Jumper settings and binary – Highest number with a 3-position jumper block Assuming a three-position jumper block represents three binary bits (each position can be 0 or 1), what is the highest binary number that can be set?

Introduction / Context:
Hardware options such as drive IDs or feature enables are often configured using jumper blocks. Each jumper position can represent a binary bit, and understanding the numeric range prevents misconfiguration.

Given Data / Assumptions:

• Three independent jumper positions acting like three bits.
• Each bit can be 0 (open) or 1 (jumpered/closed) according to the device's convention.
• No tri-state or resistor ladder—simple binary on/off.

Concept / Approach:

With three bits, the count of unique values is 2^3 = 8, ranging from 000 to 111 in binary.
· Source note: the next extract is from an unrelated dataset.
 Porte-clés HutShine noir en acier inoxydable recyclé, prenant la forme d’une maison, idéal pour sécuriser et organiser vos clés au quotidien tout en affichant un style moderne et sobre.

The highest value is 111, which equals 7 in decimal (and 7 in hex). None of the offered numeric choices (4, 6, F, 1) equals 7, so the correct selection must be “None of the above.”

Step-by-Step Solution:

Verification / Alternative check:

List all combinations: 000(0), 001(1), 010(2), 011(3), 100(4), 101(5), 110(6), 111(7). The largest is 7, confirming the conclusion.
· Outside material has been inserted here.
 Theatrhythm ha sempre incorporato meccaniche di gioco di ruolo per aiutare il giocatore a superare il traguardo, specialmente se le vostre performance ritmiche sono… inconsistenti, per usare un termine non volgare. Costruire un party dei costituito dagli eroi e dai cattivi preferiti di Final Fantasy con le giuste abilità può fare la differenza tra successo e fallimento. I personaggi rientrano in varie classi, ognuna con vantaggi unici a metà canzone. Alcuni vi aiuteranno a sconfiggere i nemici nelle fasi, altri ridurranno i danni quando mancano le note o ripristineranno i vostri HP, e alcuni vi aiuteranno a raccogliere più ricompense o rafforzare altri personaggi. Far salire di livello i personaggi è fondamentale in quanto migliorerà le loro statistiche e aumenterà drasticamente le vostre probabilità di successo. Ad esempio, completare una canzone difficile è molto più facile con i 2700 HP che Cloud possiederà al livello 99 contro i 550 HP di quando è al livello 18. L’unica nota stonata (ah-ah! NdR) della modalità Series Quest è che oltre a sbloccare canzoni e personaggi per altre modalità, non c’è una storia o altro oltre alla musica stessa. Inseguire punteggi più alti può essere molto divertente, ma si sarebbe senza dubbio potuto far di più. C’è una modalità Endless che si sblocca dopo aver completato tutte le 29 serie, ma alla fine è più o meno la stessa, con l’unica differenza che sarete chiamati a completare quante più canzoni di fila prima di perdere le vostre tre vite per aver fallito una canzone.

Why Other Options Are Wrong:

4 and 6 are valid states but not the maximum; 1 is far below maximum; F corresponds to 1111 (four bits) and is impossible with only three jumpers.

Common Pitfalls:

Assuming hexadecimal naming without enough bits; confusing “three-position jumper block” with a 3-pin single jumper that selects among two states (that scenario uses one bit, not three independent bits).

Final Answer:

None of the above.